_TASK TO COMPLETE:_
As you print the data below, keep every line exactly as it is and leave the images behind.

_AVAILABLE DATA:_
════════════════════

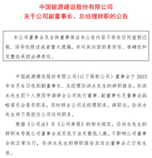2023年9月6日,中國(guó)能建公告,孫洪水辭職,將不再擔(dān)任公司任何職務(wù)。
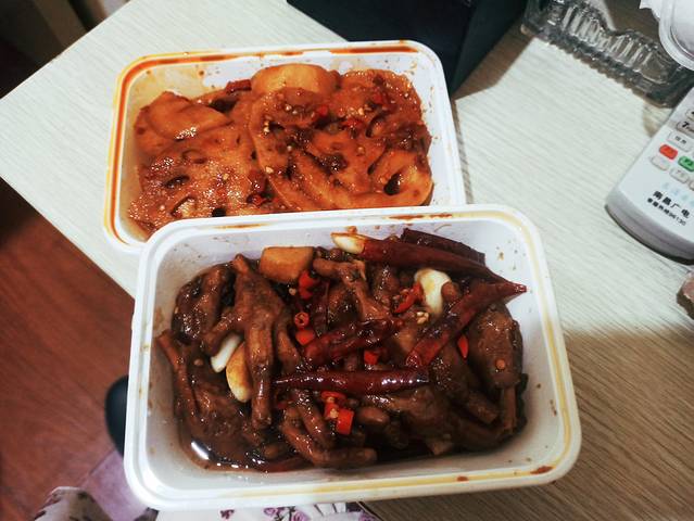 点了一个红烧鸡脚还有一个麻辣藕片,这个鸡脚非常软糯吃起来也非常的香,味道很不错,这个麻辣藕只有特辣,emmmmmm'=我是一个湖南人,这个特辣对于我来说好像也还可以接受。这两个菜一共是54块钱,平均下来就是27块钱。
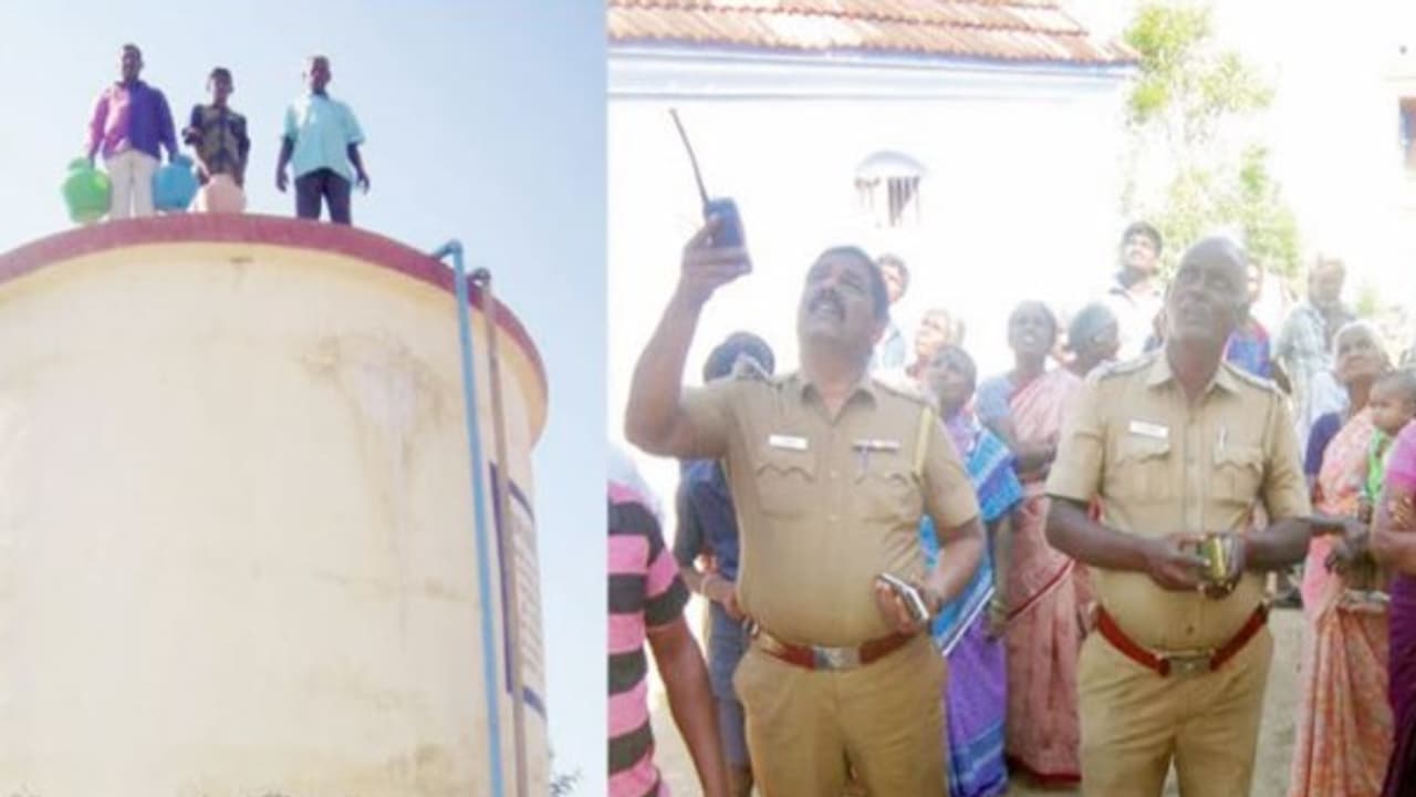 இதனையடுத்து குடிநீர் தொட்டி மேல் ஏறி நின்று தற்கொலை மிரட்டல் விடுத்த மூவரும் கீழே இறங்கிவந்தனர்.

════════════════════

_REPLY TO THE EXERCISE:_
2023年9月6日,中國(guó)能建公告,孫洪水辭職,將不再擔(dān)任公司任何職務(wù)。
 点了一个红烧鸡脚还有一个麻辣藕片,这个鸡脚非常软糯吃起来也非常的香,味道很不错,这个麻辣藕只有特辣,emmmmmm'=我是一个湖南人,这个特辣对于我来说好像也还可以接受。这两个菜一共是54块钱,平均下来就是27块钱。
 இதனையடுத்து குடிநீர் தொட்டி மேல் ஏறி நின்று தற்கொலை மிரட்டல் விடுத்த மூவரும் கீழே இறங்கிவந்தனர்.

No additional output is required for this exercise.